Il existe cependant une autre possibilité de fuite qui consiste à se tourner vers le passé,
c’est-à-dire à se tourner vers ce que nous considérons comme notre propre essence,
l’essence d’un moi dont la nature produit simplement nos actes comme autant de
conséquences de cette nature.
Sartre recourt toujours à la même expérience vécue: tout désir est désir pour une
conscience qui se les donne et ainsi les vise comme des états de conscience. Par là-même,
elle s'en distingue: entre elle et eux il y a ce néant qui est la liberté. Si ces états de
conscience motivationnels exercent un effet sur la conscience, cela ne peut donc être que
parce qu'elle choisit de les laisser exercer un tel effet.
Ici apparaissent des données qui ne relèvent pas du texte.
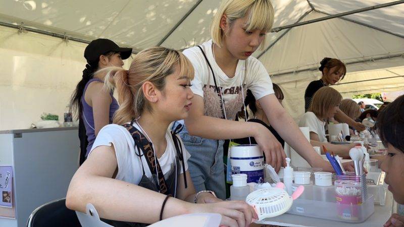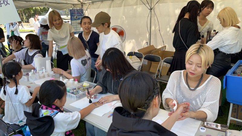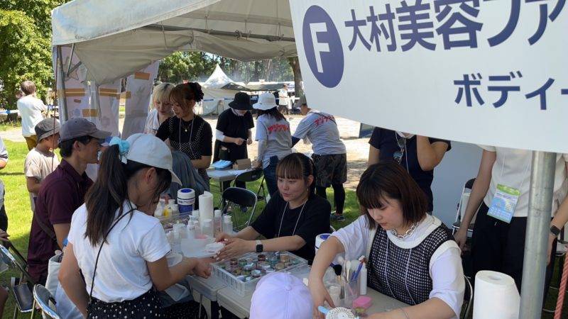 この大会ではKBCから依頼をいただき、美容科の学生たちが、「ボディジュエリー」のサービスを行いました。大人気のサービスブースとなり、子どもから大人の方まで多くの参加者に楽しんでいただきました!

Quid de l’émotion? Est-elle une réponse ou une action? La conscience en tant que
connaissance constitue la base de la production de l’émotion. Celle-ci n’exerce pas un rôle
déterminant sur la conscience, mais c’est la conscience qui exerce un rôle déterminant sur
l’émotion.
La mauvaise foi est une stratégie qui tente de se rendre inconsciente, mais qui n’y parvient
pas malgré sa tentative. Cependant malgré son échec, elle demeure une stratégie de la
conscience et une stratégie d’autant plus nécessaire à ses yeux qu’elle remplit une fonction
précise qui consiste à éviter d’affronter sa responsabilité.
Ne pourrait-on pratiquer, malgré son coût, la stratégie contraire, à savoir celle de la sincérité
et de l'authenticité ? Non seulement la thèse sartrienne aboutit à montrer que la mauvaise
foi est absurde. En effet, la bonne foi ou la sincérité consisterait à exhiber son véritable être,
mais la tâche se révèle impossible précisément parce qu'il n'y a pas de véritable être. Nous
ne sommes rien d'autre que ce que nous nous faisons être et, ce que nous nous faisons
être, varie en fonction du projet que nous formons d'être quelque chose.